The Latest Case of Ethanol Fraud

The Environmental Protection Agency (EPA) has accused another biofuel company of generating and selling fraudulent Renewable Identification Numbers (RINs), marking the fourth case of RIN fraud since the federal ethanol mandate was passed in 2005.

A RIN is a string of numbers used for identification when the ethanol industry produces a gallon of ethanol. Refiners acquire RINs as proof of purchase when they buy ethanol from producers, as required by federal law. These RINs—a creation of government regulation—have no intrinsic value other than to demonstrate compliance with the federal ethanol mandate, making them ripe for abuse.

Which is exactly what has happened. In a notice of violation issued on December 18, EPA claims that e-Biofuels, LLC, a subsidiary of Imperial Petroleum, Inc., generated and sold more than 33.5 million invalid biodiesel RINs between July 2010 and June 2011. EPA claims the company never produced the biodiesel.

The Renewable Fuel Standard (RFS) requires refiners to purchase and blend increasing amounts of biofuels into gasoline. Refiners who unknowingly purchase fraudulent RINs, which are required to demonstrate compliance with the biofuel mandate, can be held financially responsible for the illegal activity of biofuel producers.
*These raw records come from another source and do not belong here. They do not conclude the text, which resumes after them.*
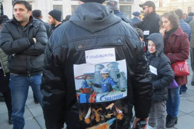 "Мы помним, каким оружием являлся российский газ, когда мы от него зависели. В 2006 году это было прямым шантажом, когда Грузии прекратили подачу газа. То же оружие было использовано против Украины, против Европы. То есть для Путина "Газпром”- это то же самое, что вооруженные силы или спецслужбы. Для него это оружие для воздействие на страны, которые не хотят в политическом смысле ему подчиняться", - сказал Би-би-си депутат от Единого Национального Движения Георгий Габашвили, который также пришел на субботнюю акцию.
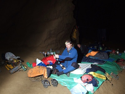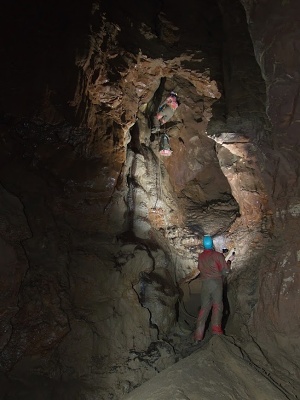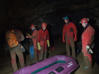V plánu bylo lezení a mapování v oblasti prvního vstupu do pater Pod dobrou vodou. Mac Giver a Vláďa byli vysláni na revizi vodního stavu v Rece na přítokovém řečišti pod svahem Artviže a my ostatní jsme zvolna sestoupili do výrazného propadu v koutu megachodby Novi svět. Jirka Š. a Pavel začli lézt výrazný kout směrem k horní galerii. Té nakonec ve výšce cca 30 m dosáhli, ale bohužel nikam nevedla. My ostatní jsme začali sestupovat do pater Pod dobrou vodou. Cestu vystrojil Franci, který má zdejší prostory z minulých let perfektně zmapovány a naším úkolem se tak stalo domapování zbytku chodem, kde byli minule zastaveni hlubokými jezery. Tentokrát jsme sebou vzali dva tescočluny.
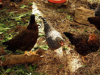 *i feed the ladies locally milled coyote creek organic feed. they also enjoy organically grown greens, tomatoes and the occasional melon from the garden, along with any goodies they can scratch up with their own two chickeny feets.
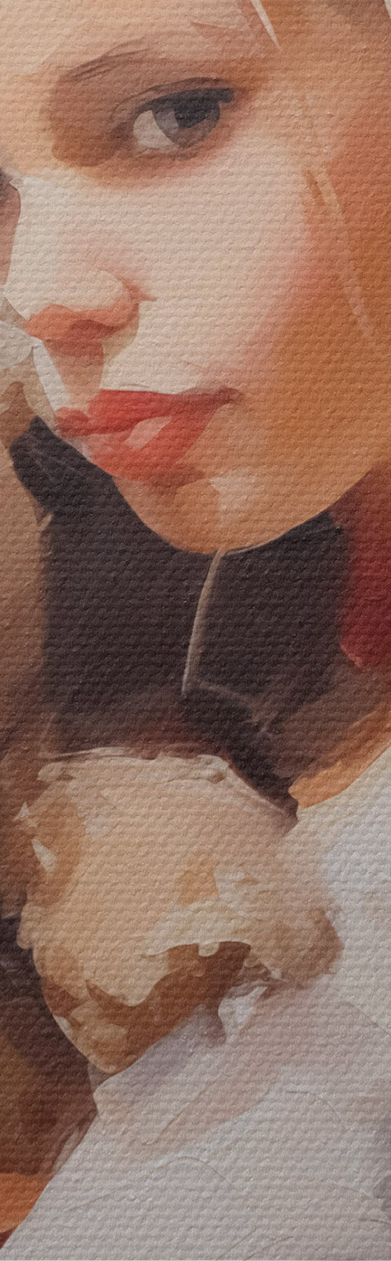 Trois types de matériaux peuvent être commandés : Economic Canvas - matériau dense et durable pour l'impression numérique, identique à la toile de peintre, surface imperméable, reproduction réaliste des détails, matériau à grain moyen. Premium Canvas - la texture ressemble à celle d'une toile de peintre (petits fils entrelacés). Reproduction douce et détaillée de l'image sur une surface mate. Eco-Premium - tissu 100 % coton de haute qualité. Grâce aux fibres naturelles de coton, le matériau est durable et résistant à l'usure. Excellente reproduction des couleurs et des détails.

As Charles Drevna, president of the American Fuel & Petrochemical Manufacturers (AFPM), explains:

EPA unfortunately continues to hold obligated parties responsible for illegal activities perpetrated by biodiesel producers such as E-Biofuels. Following the EPA’s initial imposition of penalties against obligated parties who innocently relied upon buying government-mandated quantities of biodiesel from EPA-registered producers on an EPA-controlled trading system, the industry developed due diligence programs designed to reduce the risk of purchasing fraudulent RINs. In the absence of an EPA-approved affirmative defense tied to reasonable due diligence standards, the industry remains unfairly exposed to a system that actually penalizes the victim of fraud rather than focusing on the perpetrator of the crime. This most recent indictment increases the total number of invalid RINs to over 170 million.

EPA has entered settlement agreements with numerous refiners who were sold invalid RINs, many of which require refiners to pay significant civil penalties simply for trying to comply with federal law. Refiners have also been fined for failing to purchase and blend cellulosic biofuels, even though none existed at the time.

This latest violation comes after the U.S. Justice Department indicted in September six individuals, including four executives at e-Biofuels, on 88 counts including wire fraud, money laundering, and securities fraud for selling invalid biodiesel RINs. According to the indictment, e-Biofuels defrauded customers out of more than $55 million while the company collected as much as $35 million in federal tax credits. The Justice Department called it “the largest tax and securities fraud scheme in Indiana history.”

Other alleged violators include Green Diesel, LLC, Absolute Fuels, LLC, and Clean Green Fuels, LLC. These three companies are accused of generating and selling more than 140 million RINs for biodiesel that was never produced. Officials at Absolute Fuels and Clean Green Fuels were sentenced to prison and ordered to pay restitution for their crimes.

The latest RIN fraud case provides further evidence that the federal ethanol mandate is fundamentally flawed. Under the RFS, refiners can be fined either for purchasing RINs that they did not know were invalid or for failing to purchase fuels that do not exist. This creates a lose-lose scenario for refiners who are simply trying to comply with federal law. The only permanent solution is for Congress to repeal the RFS.

IER Policy Associate Alex Fitzsimmons authored this post.